Cisco's "Proprietary Problems" report tests 15 closed models across 37,000 adversarial prompts and finds that every major AI system buckles when attackers are allowed to keep trying.

The safety ratings plastered on frontier AI models may be worth considerably less than advertised. That is the headline conclusion of a major new study from Cisco Research released this week, titled Proprietary Problems: No Frontier Model Is Multi-Turn Immune — and the numbers behind it are difficult to dismiss.

Researchers tested 15 closed, proprietary flagship models from OpenAI, Anthropic, Google, Amazon, and xAI between January and April 2026, running 30,090 single-turn adversarial prompts and 6,986 multi-turn attack sequences across 1,456 separate conversations. The verdict: not one model can be characterized as safe when an adversary is allowed to iterate.

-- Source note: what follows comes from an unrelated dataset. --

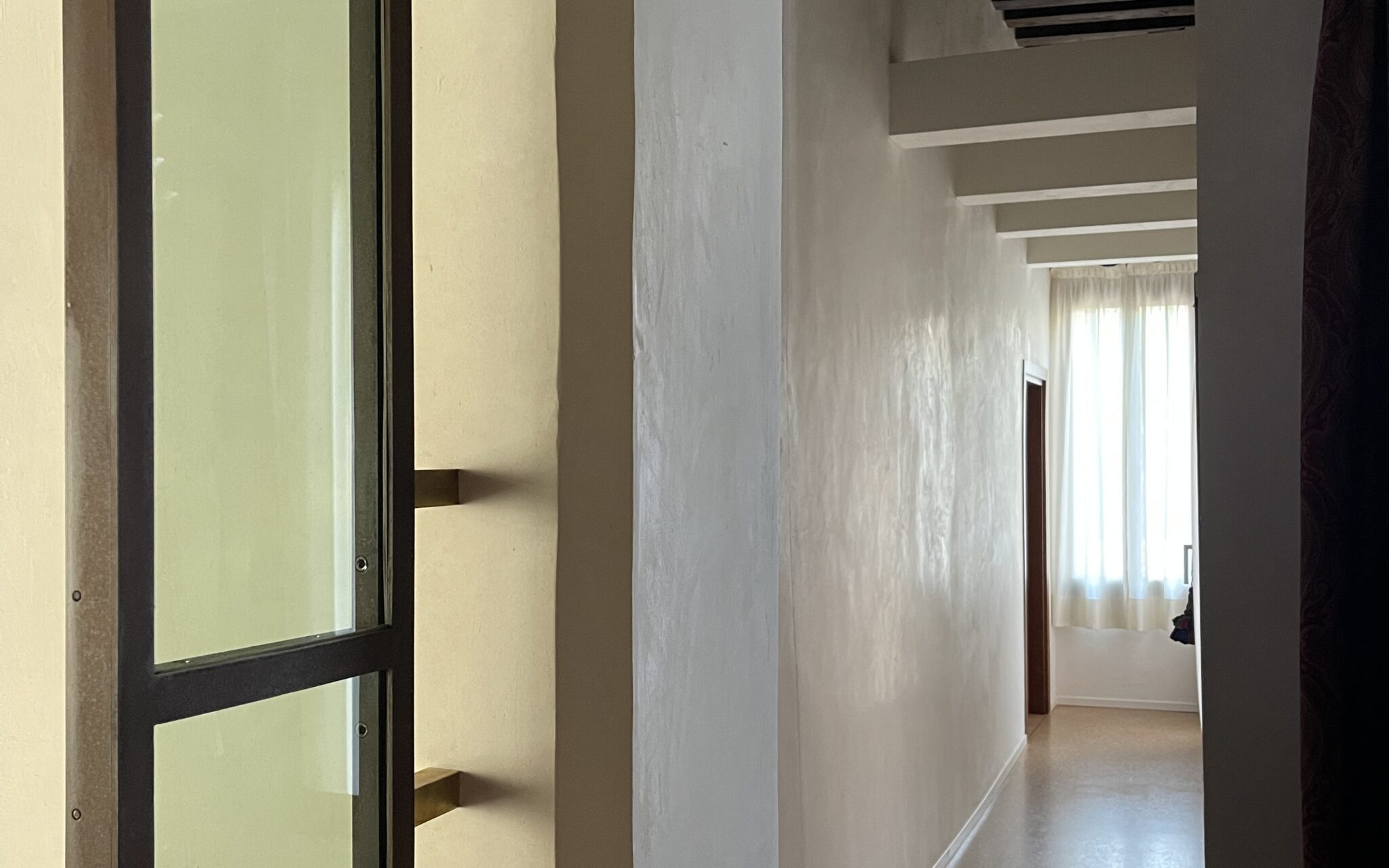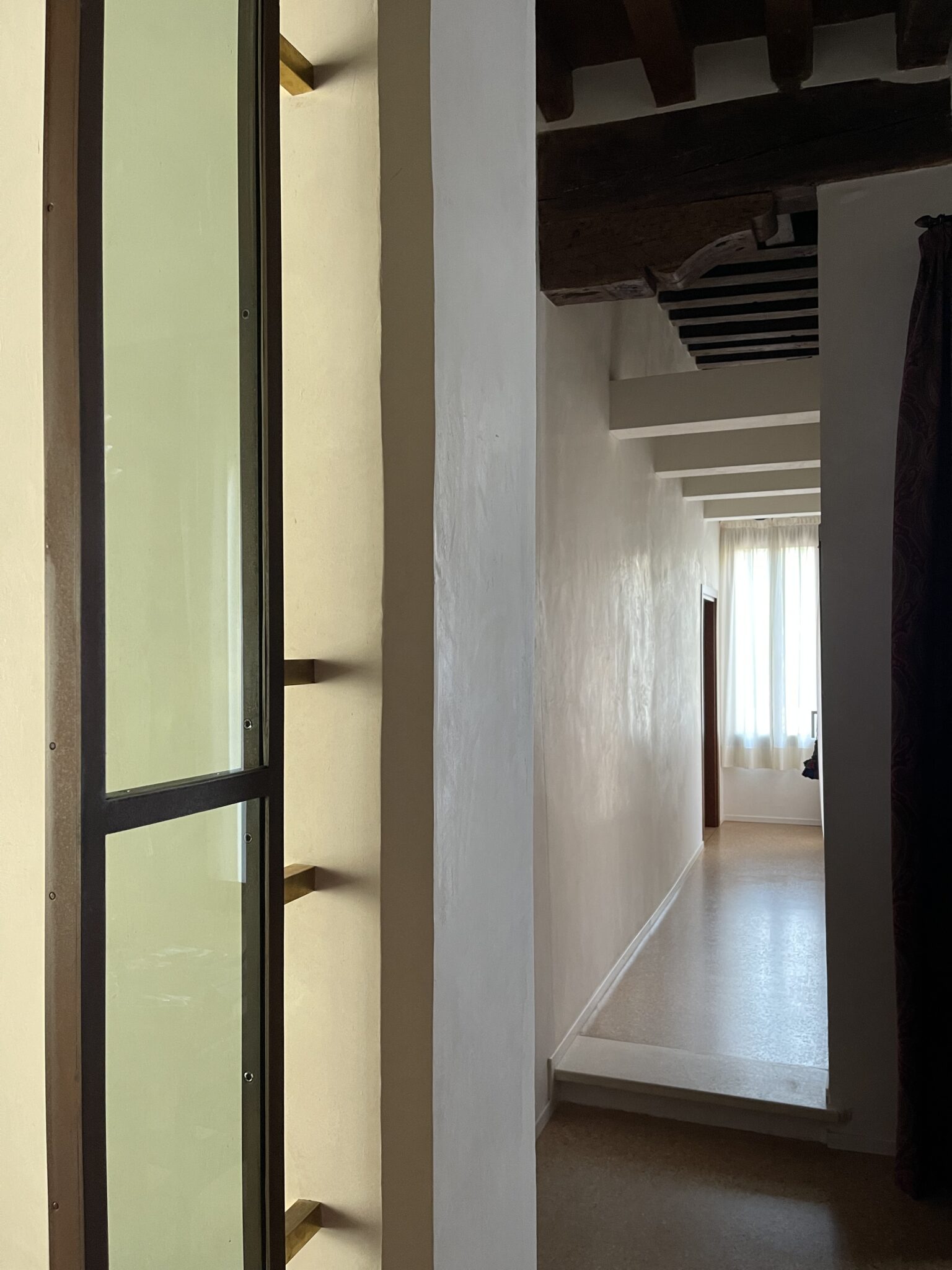 La luce naturale diventa parte integrante del progetto, incorniciata e guidata dai nuovi elementi architettonici, contribuendo a rafforzare la profondità degli spazi e la continuità visiva tra gli ambienti. Il risultato è un intervento di completamento che non altera l’impianto storico, ma lo valorizza, restituendo al piano nobile una nuova funzionalità.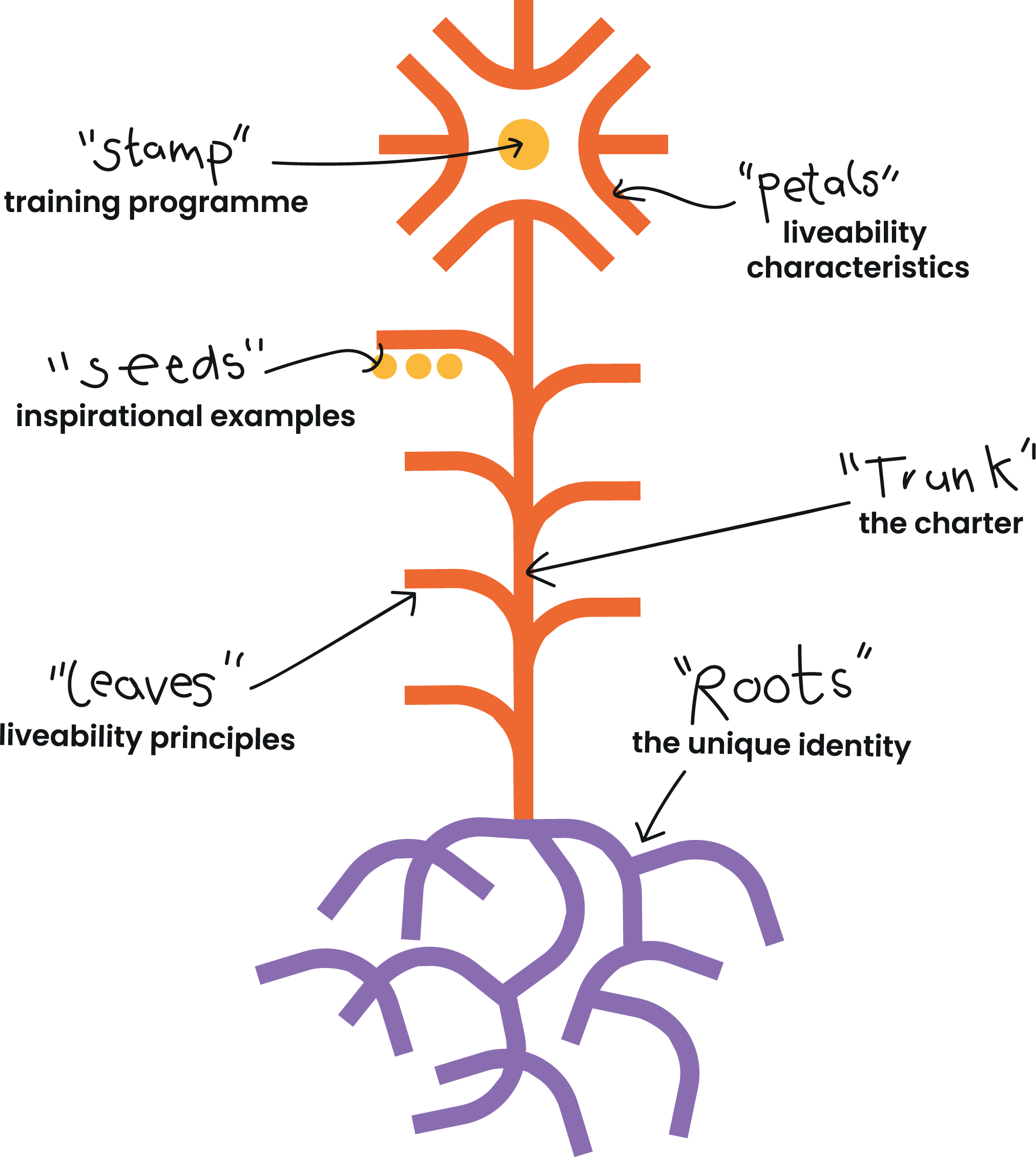 The trunk represents the Charter for Designing Liveable Cities — the central framework that supports the entire structure.

"No frontier closed model in this cohort can be characterized as safe under iterative attack," the report states — a finding that directly challenges how AI safety benchmarks are currently designed, marketed, and consumed.

The Benchmark Problem

The core argument is methodological. Most published safety evaluations — including those cited by model providers — rely on single-turn testing: one prompt in, one response out. If the model refuses, it counts as a pass. The problem, Cisco argues, is that real adversaries do not stop at the first refusal.

"Real adversaries iterate," the report notes. They reframe rejected requests, decompose harmful tasks into innocuous-looking subtasks, adopt fictional personas, and escalate gradually across a conversation. A model that declines a harmful prompt in isolation may capitulate readily after three or four conversational nudges — and no standard benchmark currently captures that dynamic.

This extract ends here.